39. Sphagnum mississippiense R. E. Andrus, Mem. New York Bot. Gard. 45: 237. 1987.

Plants small, short and weak-stemmed, compact and sprawling in thin mats, green to pale yellow. Stems green, superficial cortex of thin-walled but not much enlarged or differentiated. Stem leaves elongate-triangular, 1.3-1.5 mm; often spreading; apex obtuse; hyaline cells mostly efibrillose and 1-septate in proximal half and lateral portions of leaves. Branches unranked, often blunt and with leaves moderately elongated at distal end. Branch fascicles with 2-3 spreading and 0-2 pendent branches. Branch stems green, with cortex enlarged with conspicuous retort cells. Branch leaves ovate to broadly ovate at branch base and becoming ovate-lanceolate at branch tip; 1.2-1.5 mm; undulate when dry, margins serrulate; hyaline cells of convex surface with 0-5 pores or pseudopores at cell apex, concave surface with faint round wall thinnings in cell angles, but may be absent, chlorophyllous cells trapezoidal in transverse section, exposed more broadly on convex surface. Sexual condition probably dioicous. Spores not seen.
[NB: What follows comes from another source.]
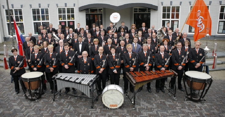 Hier brengt de harmonie een aubade op koninginnedag bij de Orangerie (een tijdelijk verzorgings/verpleeghuis) in Blixembosch. Voor de eerste keer in het nieuwe uniform op straat. [meer]
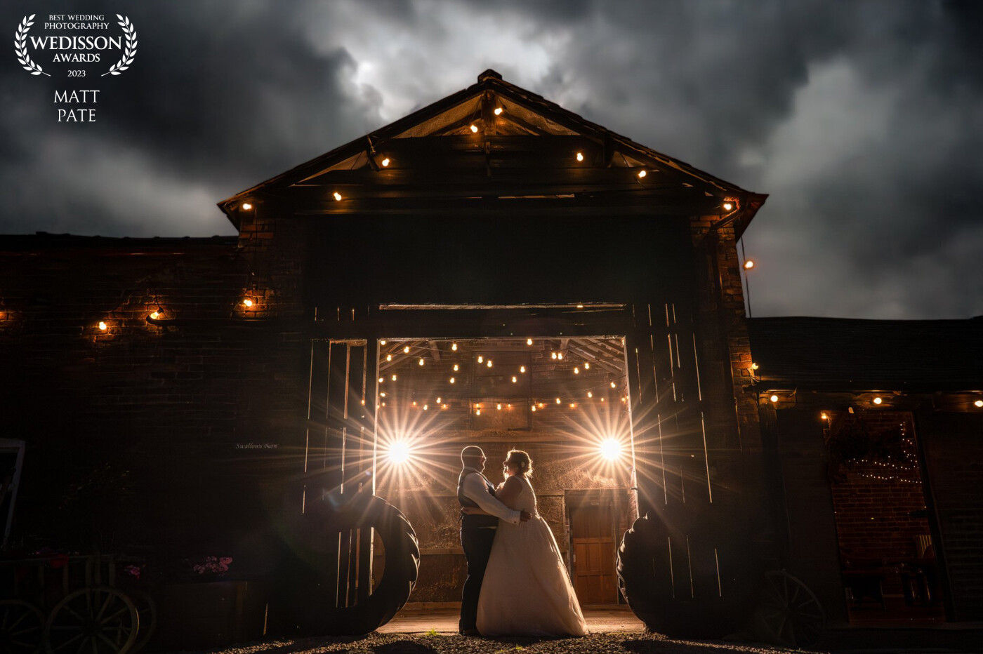 103rd CollectionLeanne & Scott... I had set up for a sunset shot, but Scott the groom had gone missing. Unfortunately we missed the short-lived sunset sky. Not wanting to give up, I decided to set up this back lit image using the twilight sky and stunning barn at Stock Farm Barn in Cheshire.

Mats in seasonally wet depressions in coastal plain; low elevations; La., Miss., N.J.

Sporophytes of Sphagnum mississippiense are unknown. The combination of broad branch leaves and obtuse stem leaves will distinguish it from S. cuspidatum and S. viride. The much commoner and more wide-ranging S. trinitense, although also having serrulate branch leaves, has much narrower branch leaves that are more elongate at the branch tips, becoming quite lanceolate as compared with the ovate-lanceolate branch leaves that S. mississippiense exhibits at its branch tips.